New realities in Afghanistan and India’s strategic realism

Aryan Gandral
In 2021, former Indian diplomat Syed Akbaruddin said, “A fortnight is a long time in diplomacy.” In this light, the last three years of the rule of the Islamic Emirates of Afghanistan (IEA), that is, the Taliban regime, after a forceful takeover, have been riddled with uncertainty, hostility, and rollercoaster power politics.
A non-state actor (NSA), having survived and sustained a protracted war of 20 years with the USA, was seen as a terror outfit, using violence to achieve its ideals and impose its version of Sharia law. The fear among those opposed to the orthodox regime was personified in the desperate videos of people falling off aeroplanes and leaving the region in a bid to escape.
In this context, while the world watched, the Taliban regime intensified its hold on power and established itself as the undisputed authority, albeit lacking the legitimacy of the diverse Afghan society.
In India, the south block deliberated a course of action. The history of Taliban 1.0 was still fresh. A regime backed by the Pakistani deep state in the 1990s openly promoted terrorism in the Kashmir valley, aiding hijackers of Indian aeroplanes and pushing narcotics in the region. The official line was clear: as Ajit Doval said, “India will not abandon the permanent stakeholders in Afghanistan, that is, the people of Afghanistan.” Through the years of the Western-backed democratic regime, India had invested close to 3 billion USD in building infrastructure in the form of the Afghan parliament, Salma Dam, the Delaram-Zaranj highway, and hospitals; it also contributed to building human capital in the form of training Afghan Army personnel and even their cricket team. This has earned enormous goodwill and added to India’s soft power in the region, unlike Pakistan, which got the ire for promoting chaos.
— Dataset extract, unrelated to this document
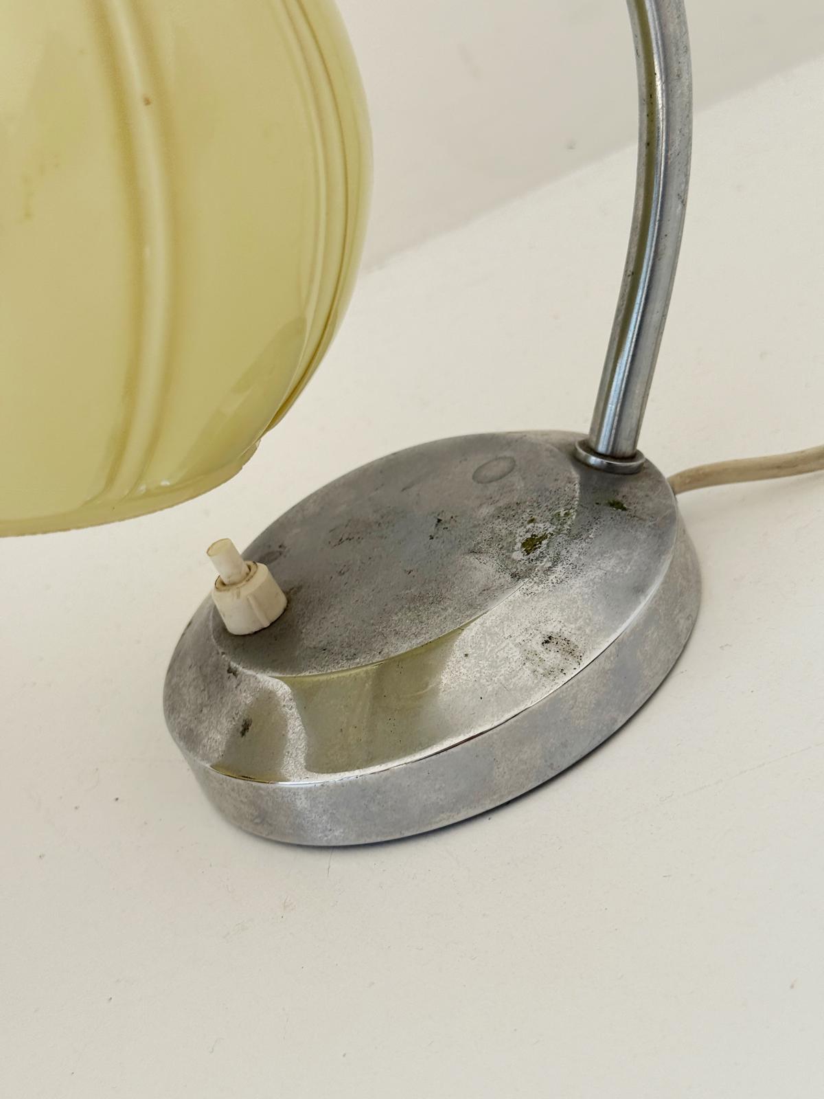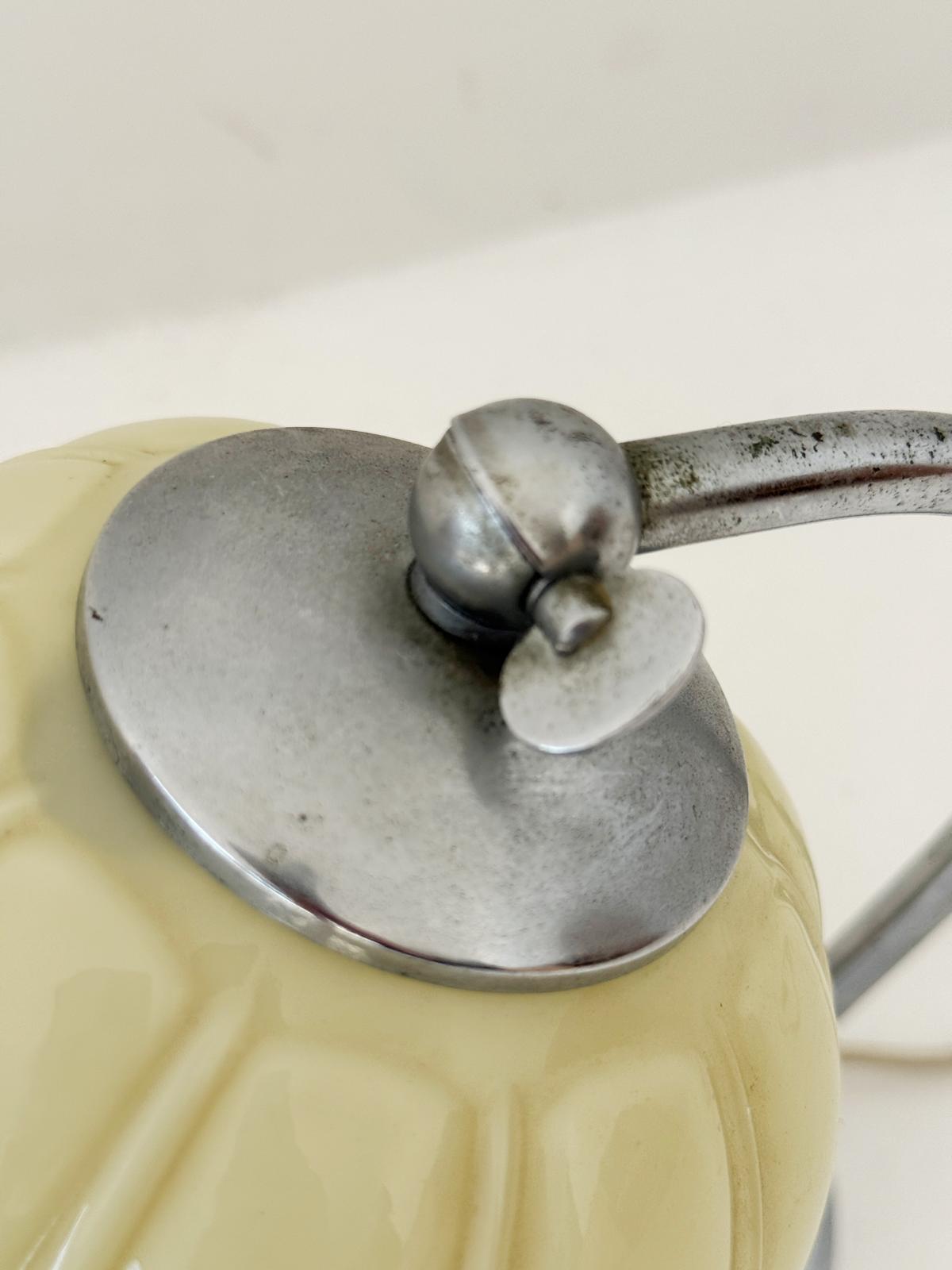 An elegant pair of vintage bedside lamps, made in the 1960s. The chrome-plated metal frame features a circular base and curved arm, while the spherical mustard yellow opal glass shades feature a fluted finish that diffuses the light softly.

While recognition was off the table, India sent a ‘technical mission’ following a devastating earthquake. Throughout the period, there were stark differences observed in Taliban 2.0. Firstly, its desperation to attain international recognition. Secondly, its positioning as an autonomous actor outside the influence of Pakistan. Thirdly, its stated objective is to crack down on the narcotics trade and ISKP-like terror outfits. It showed that the NSA turned government authority now wants to sit at the comity of nations. China became the first major country to officially recognize the IEA. Implicit was a quest to expand the BRI, exploit the abundant natural resources of Afghanistan, and place itself in the strategic vacuum of the region. With the West occupied with the Ukraine war and economic stagflation, India did find itself friendless in this situation. The trade-off was a strategic and intelligence black hole’ that was witnessed during the Taliban 1.0. In this background, the recent meeting of a senior joint secretary of the Foreign ministry with the Taliban Foreign minister in Kabul shows the approach India is adopting. It is ‘engagement without endorsement’, a form of strategic realism to secure its national interest and geopolitical ambitions while not compromising on its principles. “What does it entail?” That is the question. It’s a calibrated policy of constant evolution and feedback from the ground. Indian interests entail a region free of destabilizing forces in the form of ISI-backed elements like the Haqqani network, trade through the Chabahar port, and a democratization of the Afghan polity. Through engagement, we can work constructively on two of these issues, but the third is a concern. Given its ban on women’s public participation, persecution of minorities, and suppression of dissent, India would find it hard to balance its status as a ‘champion of democracy’ in the non-Western world.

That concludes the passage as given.